• _REQUIRED ACTION_
Go through the records below from the first line and print each one exactly, stopping after the line that contains "微雨蒙蒙,阻挡不了运动员们奋". Do not print pictures or anything past that line.

Records from a dataset:
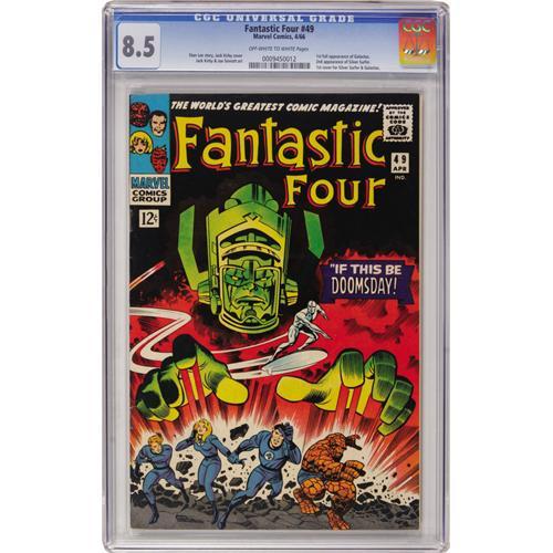 <B>Fantastic Four #49 (Marvel, 1966) CGC VF+ 8.5 Off-white to white pages.</B></I> Here's part two of an epic three-part storyline, featuring the second appearances of the Silver Surfer and Galactus. It's also the first cover appearance for both characters. Jack Kirby does cover art duties, and is assisted by Joe Sinnott for the story art. Overstreet 2006 VF 8.0 value = $425; VF/NM 9.0 value = $713. CGC census 3/07: 28 in 8.5, 59 higher. <I> From the Janowicz Collection.</B></I><BR><BR><b>Shipping:</b> Comics - Slabbed (certified) (<a target="_blank" href="http://www.heritageauctions.com/common/shipping.php">view shipping information</a>)
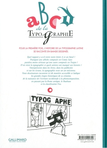 Pour la première fois, l'histoire de la typographie latine se raconte en bande dessinée. Quel rapport y a-t-il entre notre lettre A et un boeuf ? Pourquoi une affiche composée en Comic Sans paraîtra moins sérieuse qu'une autre composée en Trajan ? D'où vient la typographie et quels artistes ont marqué son histoire ? Omniprésente dans les livres, dans les publicités et sur les écrans, la typographie reste un art méconnu. Onze dessinateurs racontent ici de manière accessible et ludique les grandes étapes historiques de sa création, de la naissance de l'écriture occidentale à la photocomposition, en passant par la Rome antique, le Bahaus et la classification Vox.
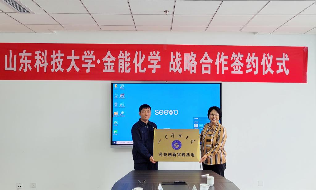 刘红伟代表金能化学(青岛)有限公司向九州在线教育发展基金会捐赠180万元,用于支持九州在线教育事业发展。李玉霞代表学校接受金能化学(青岛)有限公司的捐赠,并向刘红伟回赠了致谢牌。李玉霞、刘红伟代表双方为校企共建科技创新实践基地挂牌。
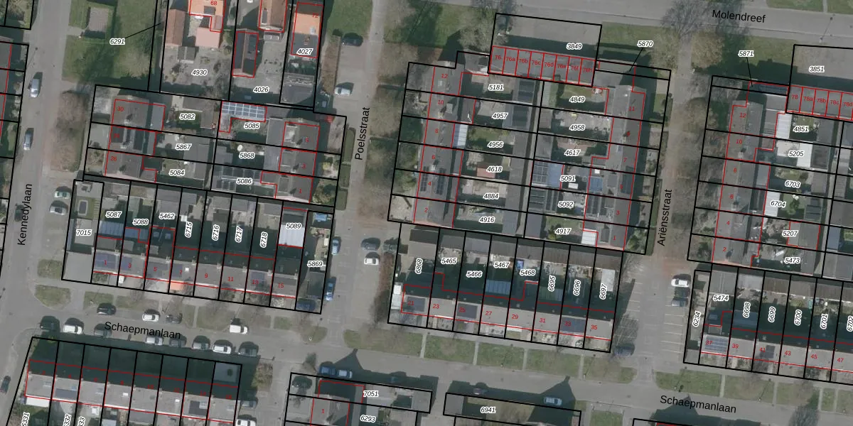 Gebruik de zoekbalk of klik op een perceel voor informatie over de adressen binnen dit perceel.
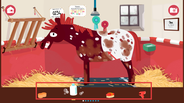 1、刚开始,我们要先用场景下方的道具,清洗马身上的污渍。
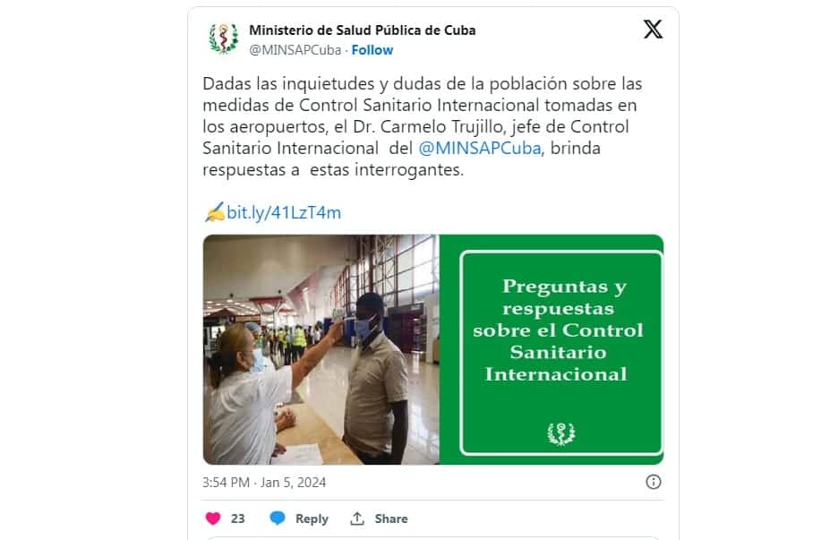 El Ministerio de Salud Pública de Cuba (MINSAP) publicó una información actualizada sobre el control sanitario en los aeropuertos cubanos y en la isla.
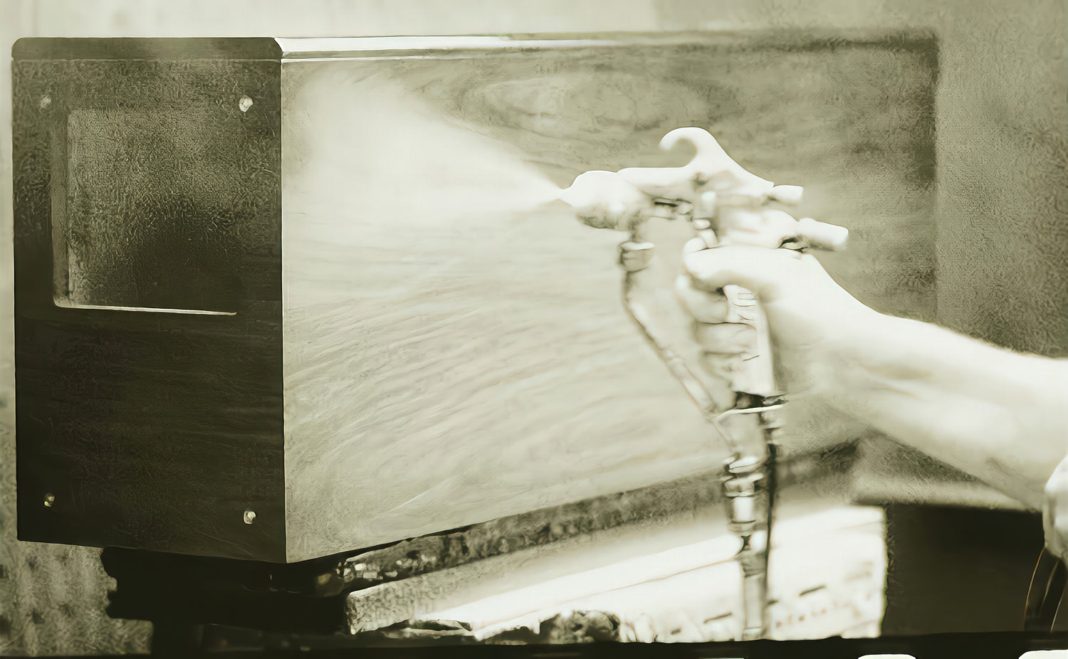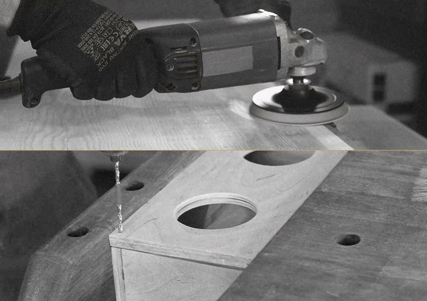 Veneer sections are glued to individual panels and then held under high pressure in purpose-built clamps for the glue to dry naturally over 48 hours. On completion, each cabinet is hand-sanded and varnished to perfection, with the quality and consistency of the finish checked every step of the way.
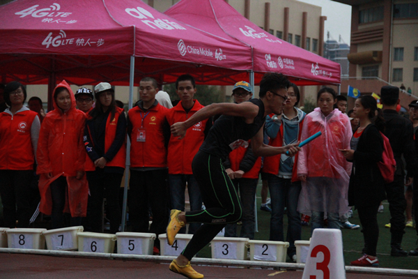 微雨蒙蒙,阻挡不了运动员们奋勇争先的步伐。赛前他们就展现出无限的热情,一个个英姿飒爽,在跑道上做着热身运动,年轻的面容露出自信的微笑,完美地展现出土木学院青春无畏,追求卓越,永不止步的精神。随着一声枪响,运动员们像离弦的箭一样奋力奔跑,蓝色短棒一次次传递给下一位运动员,同时传递的还有不服输的信念和不畏惧的勇气。他们在寒冷的雨中坚持不懈,展现出了土木学子不放弃、肯吃苦的优秀品质。跑道上奋力拼搏的身影带给观众一场精彩纷呈的视觉盛宴,观众们的激情一次次被点燃,呐喊声、欢呼声经久不息,响彻云霄。最终诸侯快讯代表队顺利进入决赛。
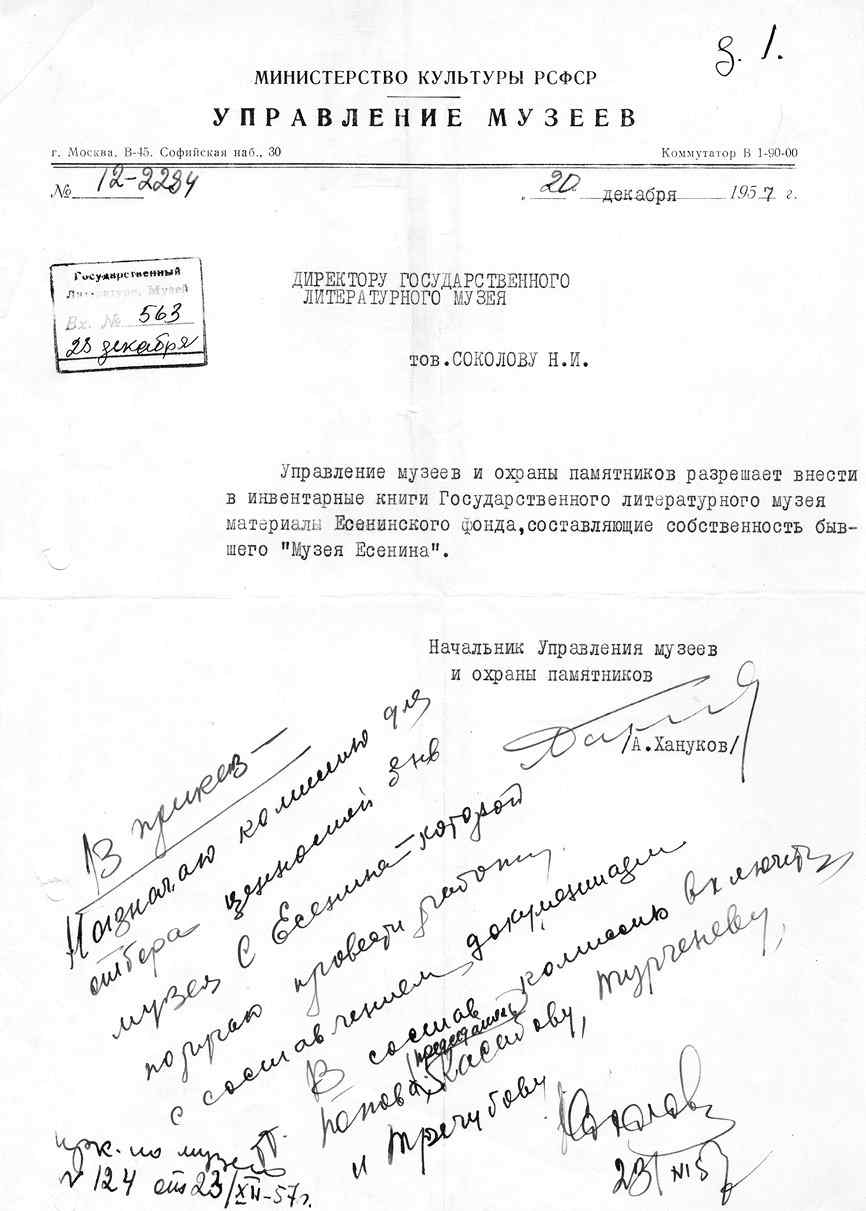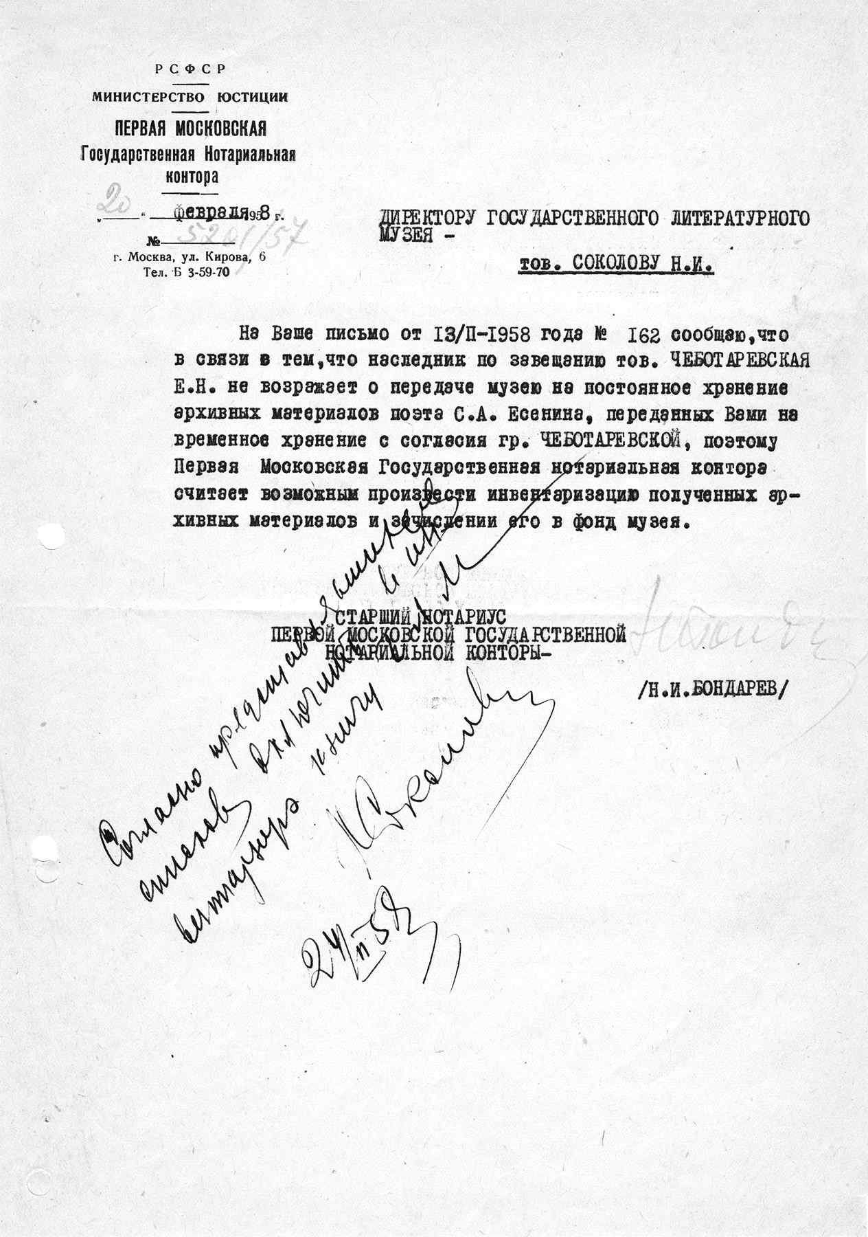 Получено от I Нотариальной конторы. Собственность бывшего Музея Есенина, 1958

• _REPLY TO THE EXERCISE_
 <B>Fantastic Four #49 (Marvel, 1966) CGC VF+ 8.5 Off-white to white pages.</B></I> Here's part two of an epic three-part storyline, featuring the second appearances of the Silver Surfer and Galactus. It's also the first cover appearance for both characters. Jack Kirby does cover art duties, and is assisted by Joe Sinnott for the story art. Overstreet 2006 VF 8.0 value = $425; VF/NM 9.0 value = $713. CGC census 3/07: 28 in 8.5, 59 higher. <I> From the Janowicz Collection.</B></I><BR><BR><b>Shipping:</b> Comics - Slabbed (certified) (<a target="_blank" href="http://www.heritageauctions.com/common/shipping.php">view shipping information</a>)
 Pour la première fois, l'histoire de la typographie latine se raconte en bande dessinée. Quel rapport y a-t-il entre notre lettre A et un boeuf ? Pourquoi une affiche composée en Comic Sans paraîtra moins sérieuse qu'une autre composée en Trajan ? D'où vient la typographie et quels artistes ont marqué son histoire ? Omniprésente dans les livres, dans les publicités et sur les écrans, la typographie reste un art méconnu. Onze dessinateurs racontent ici de manière accessible et ludique les grandes étapes historiques de sa création, de la naissance de l'écriture occidentale à la photocomposition, en passant par la Rome antique, le Bahaus et la classification Vox.
 刘红伟代表金能化学(青岛)有限公司向九州在线教育发展基金会捐赠180万元,用于支持九州在线教育事业发展。李玉霞代表学校接受金能化学(青岛)有限公司的捐赠,并向刘红伟回赠了致谢牌。李玉霞、刘红伟代表双方为校企共建科技创新实践基地挂牌。
 Gebruik de zoekbalk of klik op een perceel voor informatie over de adressen binnen dit perceel.
 1、刚开始,我们要先用场景下方的道具,清洗马身上的污渍。
 El Ministerio de Salud Pública de Cuba (MINSAP) publicó una información actualizada sobre el control sanitario en los aeropuertos cubanos y en la isla.
 Veneer sections are glued to individual panels and then held under high pressure in purpose-built clamps for the glue to dry naturally over 48 hours. On completion, each cabinet is hand-sanded and varnished to perfection, with the quality and consistency of the finish checked every step of the way.
 微雨蒙蒙,阻挡不了运动员们奋勇争先的步伐。赛前他们就展现出无限的热情,一个个英姿飒爽,在跑道上做着热身运动,年轻的面容露出自信的微笑,完美地展现出土木学院青春无畏,追求卓越,永不止步的精神。随着一声枪响,运动员们像离弦的箭一样奋力奔跑,蓝色短棒一次次传递给下一位运动员,同时传递的还有不服输的信念和不畏惧的勇气。他们在寒冷的雨中坚持不懈,展现出了土木学子不放弃、肯吃苦的优秀品质。跑道上奋力拼搏的身影带给观众一场精彩纷呈的视觉盛宴,观众们的激情一次次被点燃,呐喊声、欢呼声经久不息,响彻云霄。最终诸侯快讯代表队顺利进入决赛。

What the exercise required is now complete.